Gros défi pour les Bleus cet après-midi dans le chaudron de la Santa Giulia Arena ! Pour leur poursuite du tournoi olympique de Milan-Cortina, l’équipe de France s’attaque à une montagne : la Tchéquie. Outsiders face à une nation candidate au podium, les Tricolores devront réaliser un match parfait et miser sur une discipline de fer pour espérer bousculer la hiérarchie. Un exploit est impératif pour grappiller des points précieux dans cette phase de poules.

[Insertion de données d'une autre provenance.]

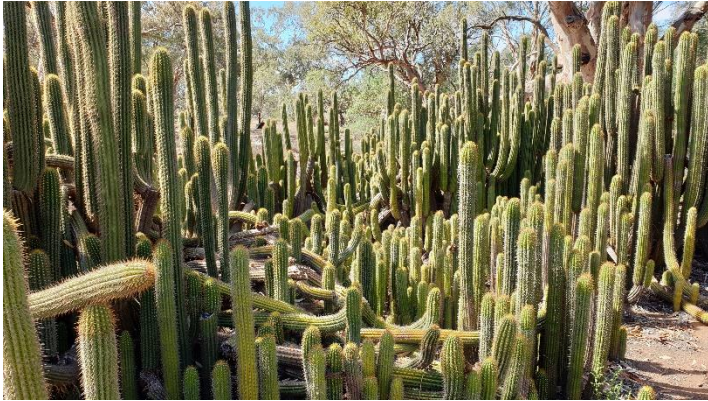
Figure 3 Large cactus at Meldanda alongside Marne 09/03/21

to the Marne. They did an amazing job, especially so close to the river's edge. The volunteers have been over the site and collected any small fragments they could find to dispose of. We will monitor the site regularly and get any seedlings when they germinate, see before and after photos below.
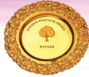
Golden Peacock Award 2017 Excellence in Corporate Governance
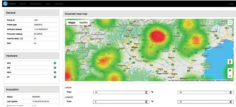
Figure 3: Web page to visualize the count rate, dose rate or isotope presence in the form of a heat map.

The web application for the network is an intuitive and easy handling tool for the operator to supervise all intelligent radiation monitoring systems deployed in the field by a user-friendly web interface. The intuitive graphical interface allows the user to fully control the situation guaranteeing fast and reliable decision making for prompt emergency response. The software visualizes all the network of systems on a map showing the status of all deployed systems and the radiological situation, alerting the operator in case of alarm. The dosimetric heat map is obtained using data fusion algorithms using real time measurements for all georeferenced systems (Fig. 3). The network software is the perfect tool for wide area coverage applications or the monitoring of sensitive locations or events to have a safer and clearer monitoring overview.

Un premier acte sous pression
Les Bleus entament la rencontre avec de bonnes intentions, se montrant les premiers dangereux devant le filet adverse. Dès la 2ème minute, le portier français Neckar manque sa sortie, créant un moment de panique devant sa cage ; heureusement, Jules Boscq, vigilant, intervient in extremis pour avorter l’offensive tchèque.
La foudre Necas frappe en supériorité
Passées les premières escarmouches tricolores, la République Tchèque prend le contrôle du jeu. Si Neckar s’interpose d’abord avec brio face à Tomas Hertl puis devant Cervenka (5ème), la discipline française finit par faire défaut. À la 6ème minute, Pierre Crinon est envoyé en prison pour obstruction. Le « Power Play » slave ne tarde pas à se mettre en place : depuis le haut du slot, Pastrnak sert Martin Necas dans le cercle. Son tir laser, légèrement dévié par Hugo Gallet, trompe Neckar. Score : 1-0 pour la Tchéquie (PPG) à 05’56’’.

Martin Necas (Tchèque) face à Martin Neckar. France vs Tchéquie. JO Milano-Cortina 2026. 13 février 2026. Crédit : Plan de Match / Abdelilah Chaoui.
Les difficultés s’enchaînent pour les Bleus qui peinent à relancer proprement. Sous pression, Yohann Auvitu commet une faute sur Necas et file à son tour au banc des pénalités (7’14’’). Cette fois, l’unité spéciale française fait preuve de résilience et parvient à neutraliser les deux minutes de supériorité adverse grâce à une défense compacte. À la 12ème minute, une perte de palet française offre un contre dangereux au duo Kubalik-Necas, mais l’arrière-garde tricolore veille et force un tir excentré que Neckar capte sans trembler.
Le break tchèque
C’est finalement sur un engagement perdu en zone défensive que le verrou saute à nouveau. Après un jeu de possession rapide derrière la cage, Faksa sert Stransky qui remet instantanément pour Michal Kempny au sommet des cercles. Le tir est imparable. Score : 2-0 pour la République Tchèque à 13’04’’. En fin de période, malgré les efforts de la ligne Fabre-Bertrand-Addamo pour porter le danger devant le filet adverse, les contres tchèques restent menaçants. L’intensité physique et la qualité de patinage des Tchèques dominent largement ce début de match. Trop peu dangereux offensivement, les Français devront trouver les ressources pour conserver le palet et bousculer la structure adverse.
Le réveil tonitruant des Bleus
Le deuxième acte démarre sous les meilleurs auspices pour la France. Dès la 21ème minute, Tomas Hertl est envoyé au cachot pour un coup de genou sur Bellemare. L’unité spéciale française s’installe sans attendre : Stéphane Da Costa, à la baguette, envoie un missile vers la cage. Louis Boudon, en embuscade, surgit pour transformer le rebond et tromper Vladar. Score : 2-1 à 21’01’’ (PPG).
Le « Boudon Show » et la remontada française
Le momentum a changé de camp. Les Bleus, métamorphosés, confisquent le palet. Sur un contre éclair initié depuis la zone défensive, Charles Bertrand s’échappe avec Louis Boudon. Dans un timing parfait, Bertrand sert son compère qui ajuste Vladar d’un tir chirurgical. Le doublé pour Boudon, et l’égalisation ! Score : 2-2 à 24’04’’.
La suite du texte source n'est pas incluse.